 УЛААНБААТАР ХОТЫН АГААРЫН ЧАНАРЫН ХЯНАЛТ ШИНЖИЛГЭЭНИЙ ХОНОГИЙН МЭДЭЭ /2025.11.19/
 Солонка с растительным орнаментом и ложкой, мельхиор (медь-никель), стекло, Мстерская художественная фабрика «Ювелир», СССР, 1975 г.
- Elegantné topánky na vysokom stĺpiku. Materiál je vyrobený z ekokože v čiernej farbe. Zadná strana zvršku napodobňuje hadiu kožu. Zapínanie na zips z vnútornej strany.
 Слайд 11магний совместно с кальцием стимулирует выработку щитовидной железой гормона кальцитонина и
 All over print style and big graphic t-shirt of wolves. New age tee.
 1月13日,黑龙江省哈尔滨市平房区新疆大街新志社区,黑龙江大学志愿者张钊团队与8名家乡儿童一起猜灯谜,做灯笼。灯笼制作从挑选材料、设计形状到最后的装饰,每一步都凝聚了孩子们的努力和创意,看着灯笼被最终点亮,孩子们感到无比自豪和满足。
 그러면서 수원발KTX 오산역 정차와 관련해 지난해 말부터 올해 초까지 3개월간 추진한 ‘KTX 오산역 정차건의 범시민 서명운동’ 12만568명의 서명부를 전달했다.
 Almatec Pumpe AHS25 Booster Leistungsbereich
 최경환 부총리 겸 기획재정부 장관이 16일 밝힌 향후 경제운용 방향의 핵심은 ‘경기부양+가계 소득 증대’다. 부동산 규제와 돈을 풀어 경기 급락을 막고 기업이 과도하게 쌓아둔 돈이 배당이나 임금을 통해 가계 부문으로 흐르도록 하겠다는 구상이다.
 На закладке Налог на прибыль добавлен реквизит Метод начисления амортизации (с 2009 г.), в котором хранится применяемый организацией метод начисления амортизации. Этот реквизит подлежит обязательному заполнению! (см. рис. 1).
____
REQUIREMENT>
From the line holding "- Elegantné topánky" to the line holding "Слайд 11магний совместно", inclusive, restate each line above exactly as written.

EXPECTED ANSWER>
- Elegantné topánky na vysokom stĺpiku. Materiál je vyrobený z ekokože v čiernej farbe. Zadná strana zvršku napodobňuje hadiu kožu. Zapínanie na zips z vnútornej strany.
 Слайд 11магний совместно с кальцием стимулирует выработку щитовидной железой гормона кальцитонина и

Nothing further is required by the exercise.